I agree with other poster who asked why do they even need a gigantic distributed fs and how that seems like a design miss.
Still this is something we need to fix in our CI implementation because, as you say, databases are not good queueing systems.
We have been in contact with RedHat and various other Ceph experts ever since we started using it.
> I agree with other poster who asked why do they even need a gigantic distributed fs and how that seems like a design miss.
Users can self host GitLab. Using some complex custom block storage system would complicate this too much, especially since the vast majority of users won't need it.
You do need either a distributed FS (GitHub made their on with Dgit http://githubengineering.com/introducing-dgit/, we want to try to reuse an existing technology) or buy a big storage appliance.
Here is an article from a few years ago:
In any case, GitLab is amazing and I can see how it's tempting to believe that GitLab the omnibus package is the core product.
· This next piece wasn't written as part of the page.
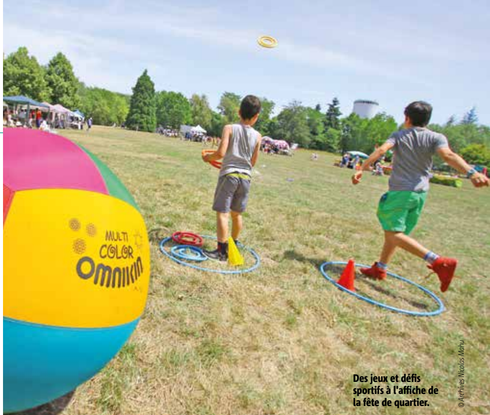
Des jeux et défis sportifs à l'affiche de la fête de quartier.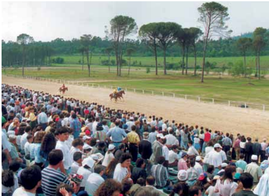
De Grote Prijs van Portugal 1994 in het Paardensportcentrum van Ponte de Lima [LEADER-gebied Vale do Lima]

However, HOSTED GitLab's core product is GitLab as a SERVICE. That might require designs tailored a bit more for the cloud than simply operating a yoooge fs and calling it a day.
If on-prem customers can't get AWS/GCE/Azure SuperFastCloudStorage™, then it can't be part of their codebase.
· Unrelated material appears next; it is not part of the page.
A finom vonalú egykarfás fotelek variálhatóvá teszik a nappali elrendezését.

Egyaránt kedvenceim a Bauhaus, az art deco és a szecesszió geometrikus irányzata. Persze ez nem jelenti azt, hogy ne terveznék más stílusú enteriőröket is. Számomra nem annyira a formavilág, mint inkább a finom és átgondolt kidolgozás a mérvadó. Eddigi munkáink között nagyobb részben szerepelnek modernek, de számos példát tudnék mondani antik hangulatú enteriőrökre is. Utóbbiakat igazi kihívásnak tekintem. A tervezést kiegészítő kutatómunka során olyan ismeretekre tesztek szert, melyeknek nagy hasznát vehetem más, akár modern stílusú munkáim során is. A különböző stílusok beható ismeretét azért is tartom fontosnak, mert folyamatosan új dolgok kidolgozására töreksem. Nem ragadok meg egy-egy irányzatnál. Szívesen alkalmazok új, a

> Some are at 20k+ users so they are close to needing something like Ceph
Or they will scale it themselves ala Alibaba: http://www.slideshare.net/MinqiPan/how-we-scaled-git-lab-for... . They appear to have written a libgit2 backend for their object store(among other things).
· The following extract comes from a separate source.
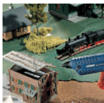
Направа на модели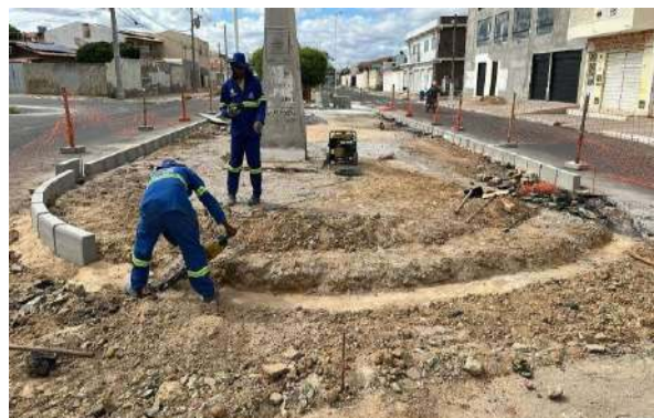
AV LUIZ INÁCIO - ESCAVAÇÃO MANUAL

I don't see a good reason why solutions using different storage backends could not make it into the OSS project. Many companies run their own Swift cluster, which is OSS.
If you're using CephFS and everyone else wants to be using other Cloud storage solutions, that would actually put you at a disconnect with your users and leave room for a competitor with the tools and experience to scale out on Cloud storage to come in offering support. I would at least consider all the opinions in this thread and maybe reach out to that Minqi Pan fellow from Alibaba with questions..
I actually really like GitLab and wish we could be using it at my company; this is why I'm spending so much effort on this topic(and scaling git is interesting). Hopefully my opinions are not out of place.
I learned a lot when I was first moving to the cloud from Adrian Cockroft. He has a ton of material out there from Netflix's move to the cloud. I recommend googling around for his conference talks. (I haven't watched these, but they're probably relevant: http://perfcap.blogspot.com/2012/03/cloud-architecture-tutor...)
'robust' - resilient against shocks, volatility and stressors
'antifragile' - thrives on shocks, volatility and stressors (ie. gets better in response)
Antifragile is a step beyond robust. Examples of antifragility are evolutionary systems and true free market economies (as opposed to our too-big-to fail version of propped-up, overly interconnected capitalism).
So far you've named "evolutionary systems", which are quite fragile in the real world, and an imaginary thing called a "true free market economy".
That said, if you are calling the entire multibillion year phenomenon of life on this planet "fragile" then we are not going to get on well.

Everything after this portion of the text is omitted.